Cabinet of Ministers abolishes Soviet sanitary standards
The Cabinet of Ministers has declared the sanitary legislation issued by the authorities of the Ukrainian SSR and the USSR invalid and not applicable in Ukraine.
This is enshrined in Order No. 94-r of January 20, 2016, published on the government’s website, Interfax-Ukraine reports.
According to the text of the document, sanitary, sanitary-hygienic, sanitary-anti-epidemic, sanitary-epidemiological, anti-epidemic, hygienic rules and regulations, state sanitary-epidemiological standards and sanitary regulations are recognized as invalid.
The Order will come into force on January 1, 2017.
As Svyatoslav Protas, acting head of the State Sanitary and Epidemiological Service of Ukraine, explained to the agency, the order abolishes the sanitary standards of the USSR, which were adopted before 1991.
“The system of sanitary regulation was extremely overregulated, and a significant part of the former USSR acts are now irrelevant and unnecessary.

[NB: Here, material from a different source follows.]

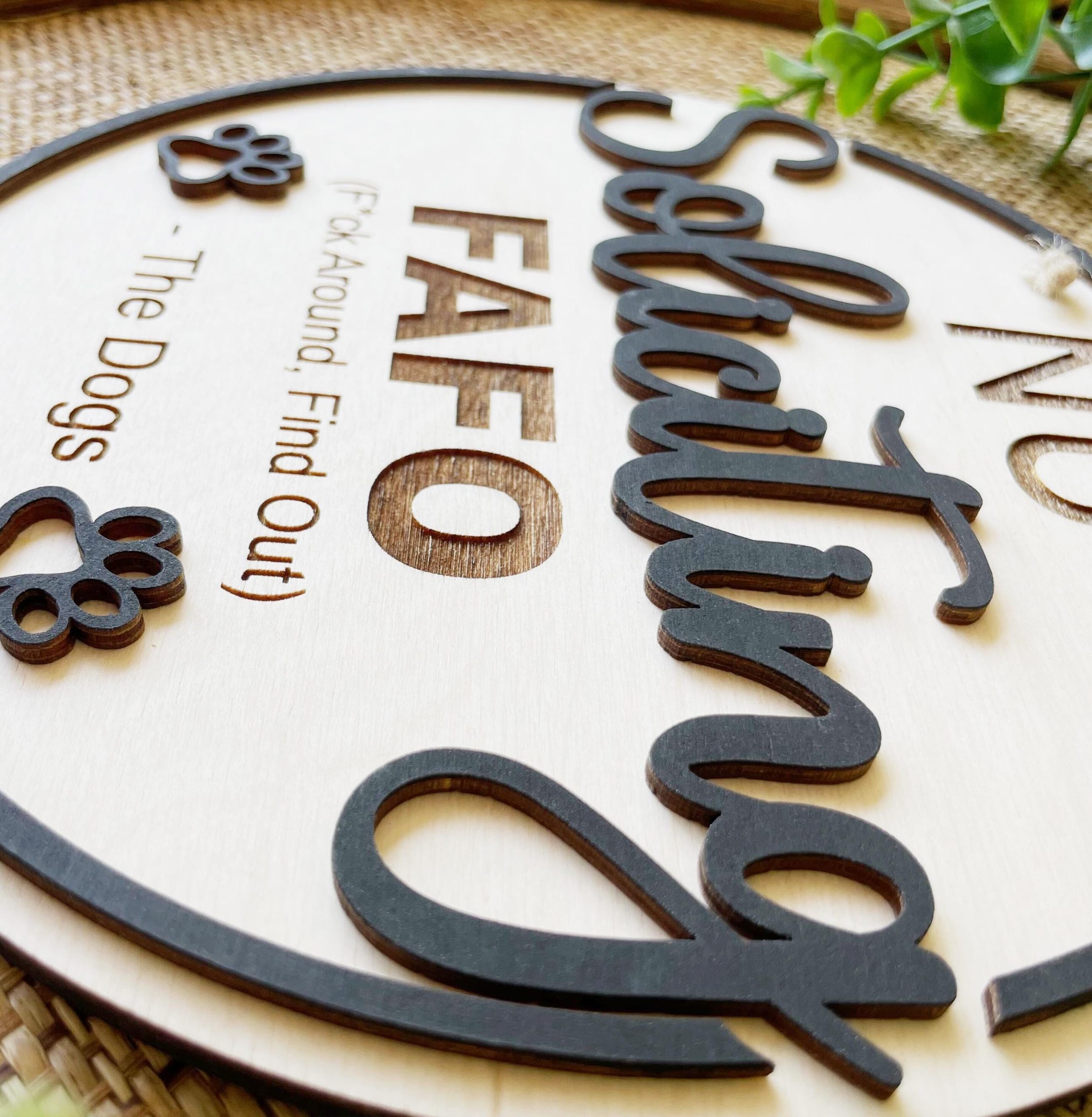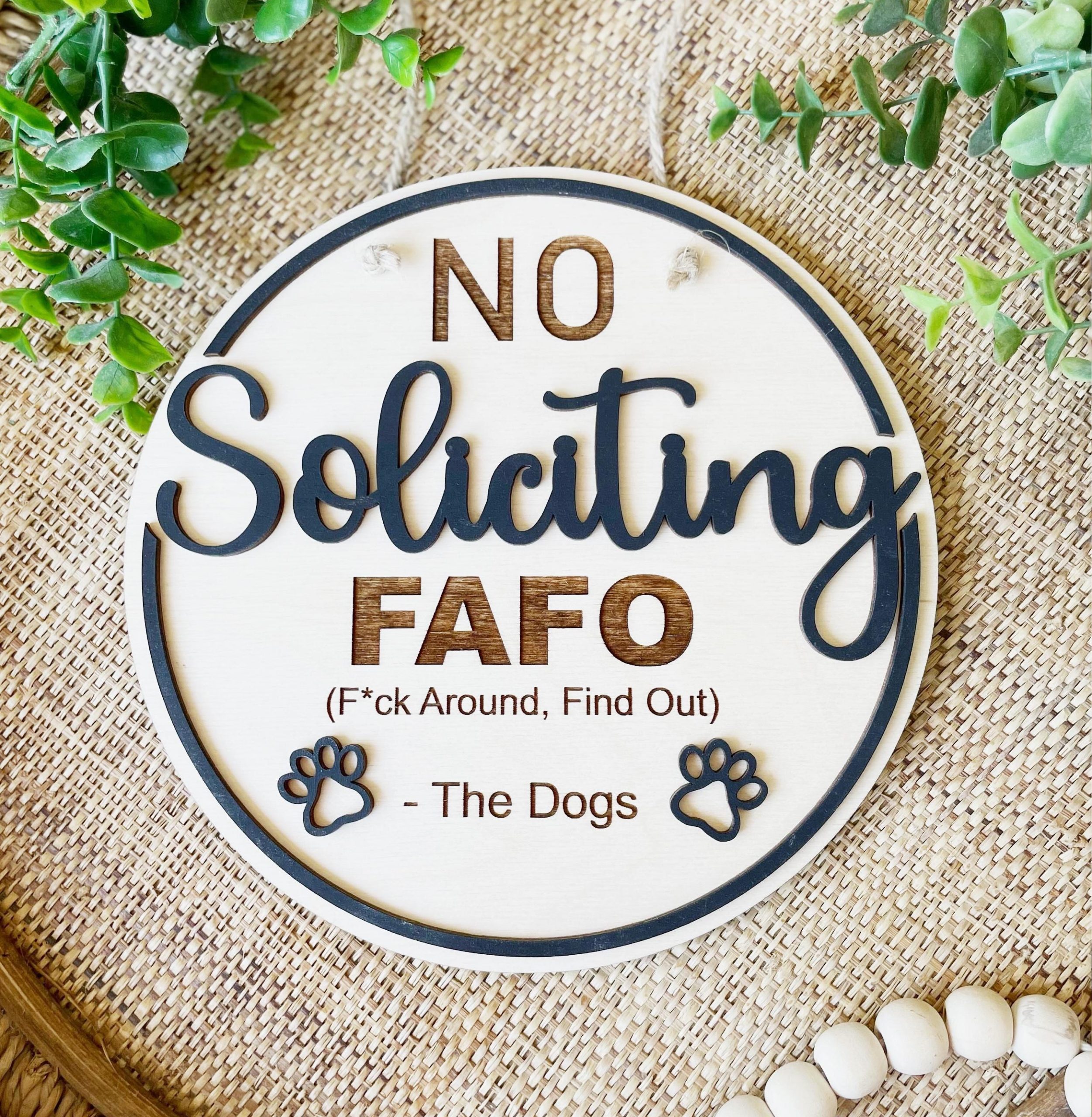 For solicitors who want to find out, the dogs aren’t F*cking around! This funny no soliciting sign says “No Soliciting – FAFO (F*ck Around Find Out) – The Dogs”. Made of 2 layers of baltic birch plywood. All words are engraved except “Soliciting”, which is a 2nd layer of wood, as well as the paw prints and outline. This makes a great gift for the dog lover in your life!

For example, such acts regulating the procedure for issuing soap for miners, issued in 1923, or such acts as sanitary requirements for collective farm markets, or sanitary requirements for public toilets separately in cities and separately in rural areas, and so on,” Protas said.
At the same time, he said, most of the sanitary acts that are necessary to protect public health are currently still in effect.